La carretera elegida para la prueba es una antigua vía de comunicación; coetánea con las primeras victorias de la marca en Le Mans, y sus curvas enlazadas, agradablemente peraltadas, evocan perfectamente el entorno natural en el que uno de estos coches se encuentra mas a gusto; según le vamos tomando confianza a este ágil gato, vamos apreciando en mayor medida sus muchas virtudes, aunque ciertamente fue en un amplio aparcamiento vacío en donde pudimos comprobar, sin riesgo, la docilidad y rapidez de respuesta ante nuestras demandas simultaneas sobre acelerador y dirección en marchas cortas y con un generoso régimen de vueltas, ello aderezado con una superficie de agarre mas bien limitado por las últimas lluvias hizo que de inmediato pudiésemos apreciar la característica nobleza que le permite su especialmente logrado reparto de masas casi neutro al 50% entre el puente trasero y el delantero, lo que hace que sea realmente fácil forzar un deslizamiento progresivo y noble de las cuatro ruedas, evitando tanto un sobreviraje como un subviraje excesivos.

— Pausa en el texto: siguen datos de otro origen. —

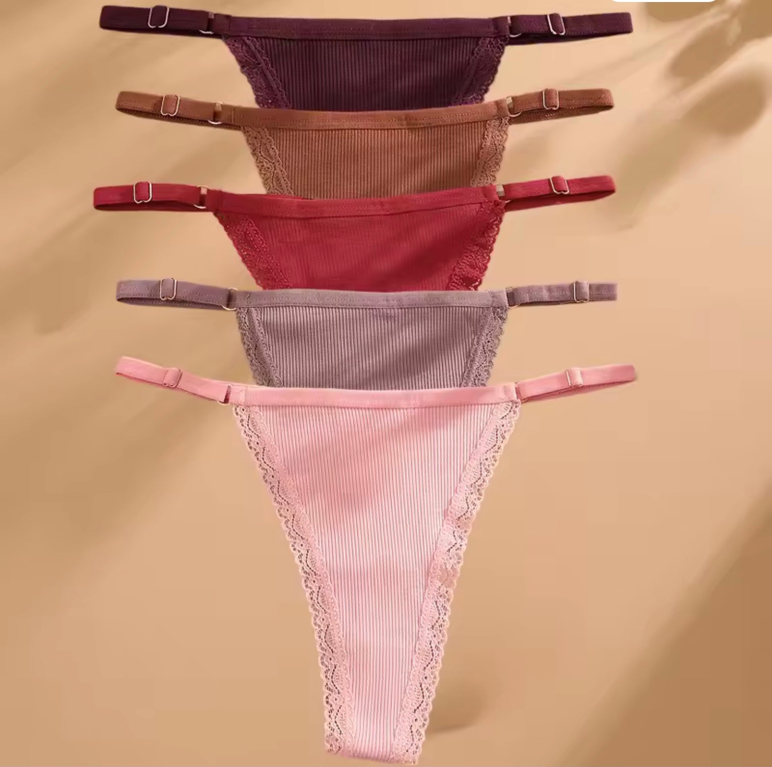 5PCS/Set Cotton Panties Sexy G-String Women's Underwear T-Back Lingerie Femme Underpants Briefs Adjustable Waist Thong Intimates.

El largo recorrido de suspensión y las generosas ruedas de 6.0x16” le permiten absorber eficazmente las irregularidades del firme y los cambios de apoyo a los que le estamos sometiendo, sin perder sin embargo en ningún momento el agarre de forma brusca; los frenos, también de origen XJ 6, ayudan a darnos la sensación de confianza necesaria e imprescindible en un coche de 3.8 litros, que supera ampliamente los 200 caballos. Todas estas evoluciones las realizamos con nuestro cuerpo firmemente sujeto en el asiento tipo baquet, tapizado en cuero el cual a pesar de su pequeño tamaño realiza su función con total eficacia.
En resumen ha sido toda una experiencia (que hemos de agradecer a nuestro buen amigo Juan Lumbreras) vivir por un momento las sensaciones de tantos pilotos que en los años cincuenta compitieron detrás de uno de estos fabulosos motores y quizás sea cierto, como se dijo una vez, que conducir un coche como este es lo mas cerca que puede estarse de las sensaciones que se experimentan al volar un Spitfire.